* _PROBLEM_
Tally the lines in the records underneath that contain the string "Строганова", and state the figure by itself.

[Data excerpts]
————————
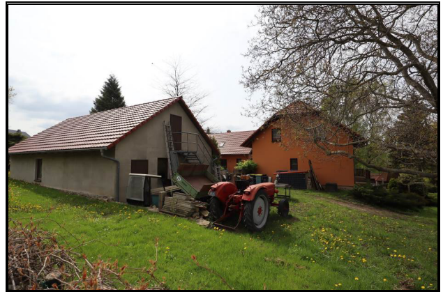
Nord-Ansicht des Garagengebäudes und des Wohnhauses Nr. 3b
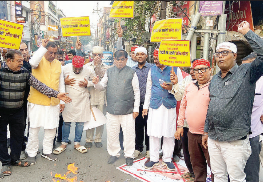
झुलेलाल मंदिर रामबाग से यात्रा निकालकर प्रदर्शन किया।
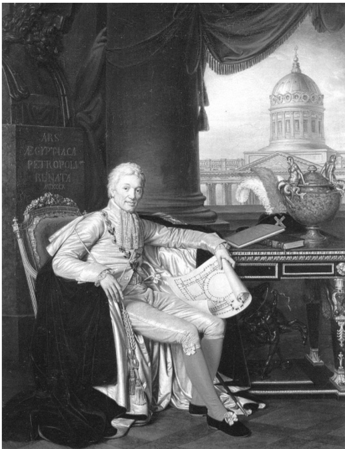
А.Г. Варнек. Портрет А.С. Строганова

Граф оказался в партии императрицы, а Анна Михайловна разделила позицию своей семьи. В 1764 году графиня Строганова возвращается к родителям и теперь представляет себя как «Воронцова, бывшая по несчастью Строгановой» 32 [1].
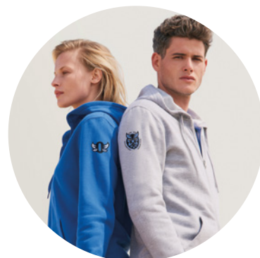
Tailles homme et femme
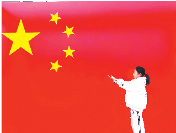
小记者：刘奕彤 证号：222758 周口市文昌小学三(10)班

10月1日，我在周口游泳馆门前与国旗合影。当天，我正式加入周口市游泳队。希望有一天，我能成为游泳冠军，为祖国争光，为国旗添彩！
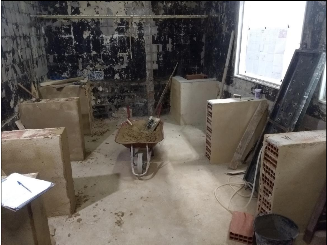
Foto 03 - Construção dos suportes de alvenaria para as bancadas do açougue
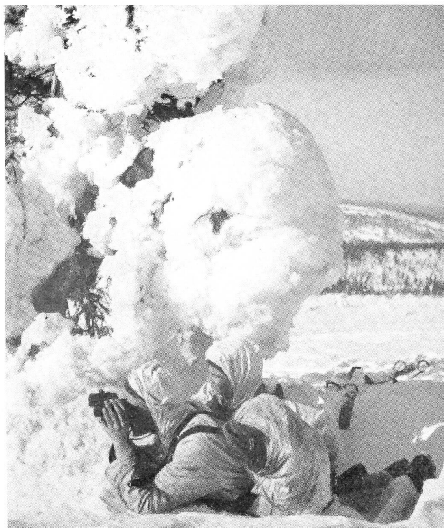
Die Finnen zählen mit Recht zu den besten Skisoldaten der Welt, die sich vor allem im praktischen Kampfeinsatz bewährt haben. Die kleinen und wendigen finnischen Skipatrouillen, die sich über Hunderte von Kilometern weit über die finnisch-russische Grenze wagten, um hinter den Linien der Sowjetarmee Zerstörung und Verwirrung zu stiften, gehören heute zu den besten Beispielen des heldenhaften Widerstandes des finnischen Volkes im harten Winterkrieg.

Die Panzerbrigade besteht aus Panzerschule, Panzerregiment, zwei Jägerbataillonen, unabhängiger Mörserkompanien, Feldartillerie-
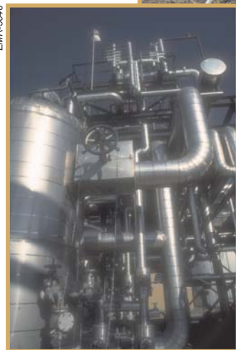
Raffinerie pétrochimique d'ESSO, Cold Lake, Alberta

Le platine est habituellement associé à la bijouterie. Toutefois, les métaux du groupe platine ont de nombreuses applications dans l'industrie pétrochimique ou automobile. Les éléments des terres rares, tels que l'yttrium et le scandium, ne sont pas particulièrement rares dans la croûte terrestre, mais ils sont rarement concentrés à un endroit. Ils ont de la valeur, car ils sont nécessaires pour fabriquer des lasers, des écrans de téléviseur et d'ordinateur, des superaimants pour disque dur, de même que des piles rechargeables, lesquelles sont moins nuisibles pour l'environnement.
————————
* _SOLUTION BELOW_
2